## [Materials provided]

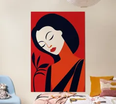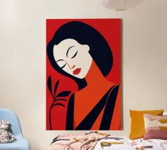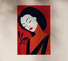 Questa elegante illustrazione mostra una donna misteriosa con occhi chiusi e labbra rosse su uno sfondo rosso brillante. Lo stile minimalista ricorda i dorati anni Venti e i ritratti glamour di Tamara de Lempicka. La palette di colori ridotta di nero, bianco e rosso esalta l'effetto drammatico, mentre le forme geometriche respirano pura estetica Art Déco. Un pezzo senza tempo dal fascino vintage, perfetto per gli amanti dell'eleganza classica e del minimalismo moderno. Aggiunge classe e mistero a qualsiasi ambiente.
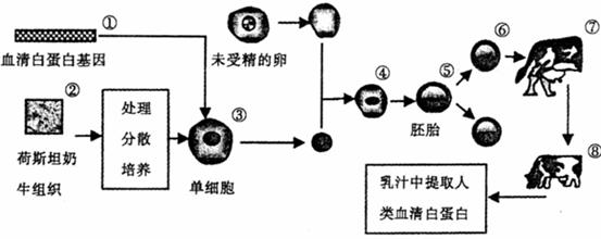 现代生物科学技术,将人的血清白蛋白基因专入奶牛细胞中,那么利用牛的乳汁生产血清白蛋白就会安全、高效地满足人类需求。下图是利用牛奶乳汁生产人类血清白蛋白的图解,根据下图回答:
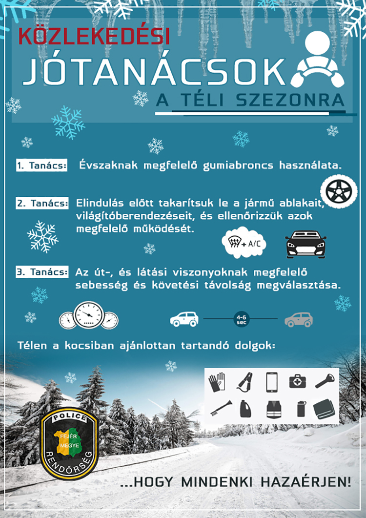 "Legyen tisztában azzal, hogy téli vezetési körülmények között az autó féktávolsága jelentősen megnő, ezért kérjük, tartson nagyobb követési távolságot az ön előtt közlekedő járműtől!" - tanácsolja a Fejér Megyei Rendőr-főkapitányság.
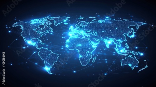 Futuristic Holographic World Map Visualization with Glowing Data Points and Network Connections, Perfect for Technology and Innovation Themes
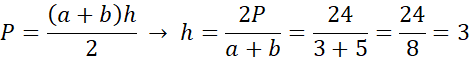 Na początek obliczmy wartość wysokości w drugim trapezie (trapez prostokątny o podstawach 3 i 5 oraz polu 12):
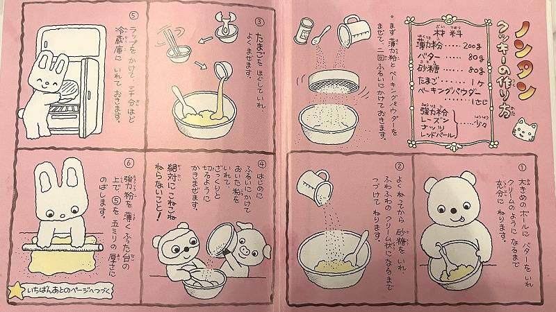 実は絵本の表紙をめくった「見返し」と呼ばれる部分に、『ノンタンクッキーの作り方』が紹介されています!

...

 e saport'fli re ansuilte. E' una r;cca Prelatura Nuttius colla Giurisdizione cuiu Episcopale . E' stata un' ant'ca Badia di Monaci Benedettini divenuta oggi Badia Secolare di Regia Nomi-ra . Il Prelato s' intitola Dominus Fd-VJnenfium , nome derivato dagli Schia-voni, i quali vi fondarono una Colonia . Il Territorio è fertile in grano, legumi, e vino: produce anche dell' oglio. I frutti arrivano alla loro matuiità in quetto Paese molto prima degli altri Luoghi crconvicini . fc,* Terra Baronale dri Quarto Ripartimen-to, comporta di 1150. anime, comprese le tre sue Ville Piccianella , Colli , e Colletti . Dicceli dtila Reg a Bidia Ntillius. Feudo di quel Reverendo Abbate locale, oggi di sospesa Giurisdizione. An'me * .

--

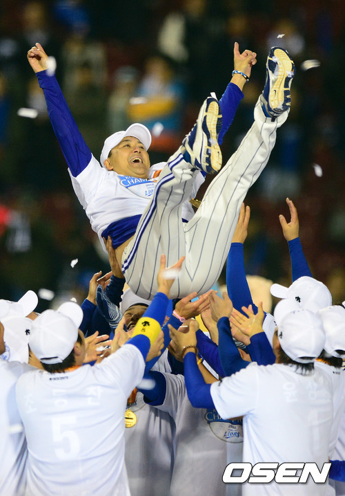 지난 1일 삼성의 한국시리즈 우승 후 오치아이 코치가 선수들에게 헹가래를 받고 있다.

## [What needs to be done]
The material above holds pictures; leave them out and set down exactly the lines from the line with "Futuristic Holographic World" to the line with "実は絵本の表紙をめくった「見", both included.

## [Response area]
 Futuristic Holographic World Map Visualization with Glowing Data Points and Network Connections, Perfect for Technology and Innovation Themes
 Na początek obliczmy wartość wysokości w drugim trapezie (trapez prostokątny o podstawach 3 i 5 oraz polu 12):
 実は絵本の表紙をめくった「見返し」と呼ばれる部分に、『ノンタンクッキーの作り方』が紹介されています!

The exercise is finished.